Los códigos éticos de los recaudadores de fondos en todo el mundo señalan que su trabajo no debe ser remunerado sobre la base de sus resultados, sino con salarios u honorarios fijos. Esta disposición parece ir contra una lógica elemental: si estos profesionales deben ofrecer resultados mensurables que sobrepasen su coste, ¿por qué no condicionar su remuneración a su desempeño?
Este razonamiento está muy extendido. Sobre todo entre los responsables de organizaciones que están acuciadas financieramente y no cuentan con recursos disponibles para pagar a un buen profesional y aguardar el tiempo suficiente para cosechar los resultados de su labor. También es una fuerte tentación para quienes no están seguros de que encontrarán un profesional competente, con lo que se curan en salud condicionando su coste a los resultados. Se plantea tanto a la hora de requerir los servicios de profesionales externos como de considerar su incorporación a la plantilla.
¿Por qué la deontología profesional prohíbe esta forma de remuneración que podría ser opción muy conveniente para tantas organizaciones incipientes o financieramente débiles? Me recuerda a esas prescripciones, como la prohibición de comer carne de vaca o cerdo entre los fieles de algunas religiones, que se dictaron hace tanto tiempo con razones prácticas de fondo que ya se han asumido sin que sus observantes sepan por qué motivo no han de hacerlo. Es un tabú y punto. De manera que conviene poner de manifiesto tales razones. Porque nadie está dispuesto a asumir la ética profesional con devoción religiosa, sin un fundamento racional que la sostenga.
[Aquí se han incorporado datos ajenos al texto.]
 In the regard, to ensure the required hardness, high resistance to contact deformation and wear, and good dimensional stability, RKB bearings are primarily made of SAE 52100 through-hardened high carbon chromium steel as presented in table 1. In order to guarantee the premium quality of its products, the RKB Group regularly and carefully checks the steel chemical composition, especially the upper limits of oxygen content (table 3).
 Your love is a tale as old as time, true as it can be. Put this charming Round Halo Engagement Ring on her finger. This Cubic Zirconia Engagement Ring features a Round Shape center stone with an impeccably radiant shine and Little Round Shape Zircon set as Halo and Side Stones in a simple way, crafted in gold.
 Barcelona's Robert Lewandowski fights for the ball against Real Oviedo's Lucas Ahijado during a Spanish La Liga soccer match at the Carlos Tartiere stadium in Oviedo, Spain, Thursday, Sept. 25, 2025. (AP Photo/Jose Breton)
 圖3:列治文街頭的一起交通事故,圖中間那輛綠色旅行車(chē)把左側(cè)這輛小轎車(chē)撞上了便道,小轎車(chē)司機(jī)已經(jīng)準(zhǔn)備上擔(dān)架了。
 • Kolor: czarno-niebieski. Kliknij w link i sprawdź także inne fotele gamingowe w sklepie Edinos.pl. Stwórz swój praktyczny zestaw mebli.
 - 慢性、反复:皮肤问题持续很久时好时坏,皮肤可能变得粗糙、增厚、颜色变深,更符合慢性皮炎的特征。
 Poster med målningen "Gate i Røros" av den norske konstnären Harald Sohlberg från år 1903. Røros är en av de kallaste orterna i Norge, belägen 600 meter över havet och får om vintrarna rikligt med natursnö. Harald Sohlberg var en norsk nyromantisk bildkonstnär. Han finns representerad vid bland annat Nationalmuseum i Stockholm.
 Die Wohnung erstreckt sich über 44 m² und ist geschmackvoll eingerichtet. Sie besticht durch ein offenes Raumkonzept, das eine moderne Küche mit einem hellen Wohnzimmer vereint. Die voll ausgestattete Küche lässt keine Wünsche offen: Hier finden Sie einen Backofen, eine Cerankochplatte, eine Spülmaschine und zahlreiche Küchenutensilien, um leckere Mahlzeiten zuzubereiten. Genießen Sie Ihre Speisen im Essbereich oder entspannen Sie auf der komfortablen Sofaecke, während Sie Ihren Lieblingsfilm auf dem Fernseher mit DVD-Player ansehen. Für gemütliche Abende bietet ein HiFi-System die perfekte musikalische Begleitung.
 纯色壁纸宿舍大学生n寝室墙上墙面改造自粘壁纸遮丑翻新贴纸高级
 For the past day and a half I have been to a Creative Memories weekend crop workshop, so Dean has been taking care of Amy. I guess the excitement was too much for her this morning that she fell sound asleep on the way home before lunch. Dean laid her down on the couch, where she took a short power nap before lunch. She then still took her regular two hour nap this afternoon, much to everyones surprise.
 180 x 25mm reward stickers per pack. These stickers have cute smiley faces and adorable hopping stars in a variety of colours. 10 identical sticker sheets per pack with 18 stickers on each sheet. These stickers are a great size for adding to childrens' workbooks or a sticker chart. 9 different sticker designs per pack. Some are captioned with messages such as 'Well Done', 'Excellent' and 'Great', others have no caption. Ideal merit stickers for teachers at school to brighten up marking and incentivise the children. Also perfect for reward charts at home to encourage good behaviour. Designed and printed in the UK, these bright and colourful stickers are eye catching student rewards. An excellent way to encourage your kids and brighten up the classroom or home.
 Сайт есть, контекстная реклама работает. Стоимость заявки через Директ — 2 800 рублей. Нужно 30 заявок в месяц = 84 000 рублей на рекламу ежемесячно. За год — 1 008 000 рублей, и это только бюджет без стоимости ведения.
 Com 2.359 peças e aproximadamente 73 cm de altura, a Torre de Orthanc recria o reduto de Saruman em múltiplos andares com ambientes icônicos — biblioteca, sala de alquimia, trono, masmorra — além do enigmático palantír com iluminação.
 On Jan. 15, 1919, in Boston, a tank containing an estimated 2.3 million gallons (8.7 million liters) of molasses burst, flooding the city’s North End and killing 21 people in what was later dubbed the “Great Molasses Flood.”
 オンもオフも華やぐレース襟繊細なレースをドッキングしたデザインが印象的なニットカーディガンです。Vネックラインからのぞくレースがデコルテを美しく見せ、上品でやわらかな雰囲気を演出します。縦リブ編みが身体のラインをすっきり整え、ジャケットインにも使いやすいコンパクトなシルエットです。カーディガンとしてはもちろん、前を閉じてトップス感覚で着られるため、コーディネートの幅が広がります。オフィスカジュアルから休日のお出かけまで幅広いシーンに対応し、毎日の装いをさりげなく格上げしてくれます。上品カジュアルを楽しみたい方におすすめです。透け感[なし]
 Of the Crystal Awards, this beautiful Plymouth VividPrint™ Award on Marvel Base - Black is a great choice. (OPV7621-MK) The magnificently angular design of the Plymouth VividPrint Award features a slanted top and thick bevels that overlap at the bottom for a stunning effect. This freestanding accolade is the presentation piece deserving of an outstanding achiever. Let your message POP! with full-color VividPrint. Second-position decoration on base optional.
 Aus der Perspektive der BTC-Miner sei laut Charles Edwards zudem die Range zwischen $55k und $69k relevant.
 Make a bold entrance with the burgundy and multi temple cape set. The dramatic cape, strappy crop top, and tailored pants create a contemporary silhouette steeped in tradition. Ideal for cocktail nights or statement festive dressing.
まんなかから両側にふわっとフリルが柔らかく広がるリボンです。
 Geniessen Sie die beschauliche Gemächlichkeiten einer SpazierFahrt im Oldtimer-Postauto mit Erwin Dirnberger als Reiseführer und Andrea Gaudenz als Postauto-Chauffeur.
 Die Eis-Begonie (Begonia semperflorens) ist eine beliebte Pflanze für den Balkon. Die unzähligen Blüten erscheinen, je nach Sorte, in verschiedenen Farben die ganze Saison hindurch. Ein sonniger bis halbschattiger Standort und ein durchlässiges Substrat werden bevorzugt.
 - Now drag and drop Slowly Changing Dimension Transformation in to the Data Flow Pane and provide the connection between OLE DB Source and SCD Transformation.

La cuestión es que un programa de captación de fondos próspero debe tener una perspectiva estratégica. Debe tener los pies asentados firmemente sobre el suelo que pisan, pero la mirada puesta en el futuro. Si el sustento de un recaudador de fondos dependiera de lo que vaya consiguiendo, se orientaría indefectiblemente al corto plazo, a aquello que maximice los ingresos inmediatos aun en detrimento de cultivar las fuentes de ingresos a largo plazo. Así, tendería a aplazar la adopción de medidas que no produjeran un retorno rápido, como es el caso de la construcción de la marca de la organización o la apuesta por programas de pequeños donantes individuales cuya rentabilidad sólo se puede apreciar calculando su valor vitalicio.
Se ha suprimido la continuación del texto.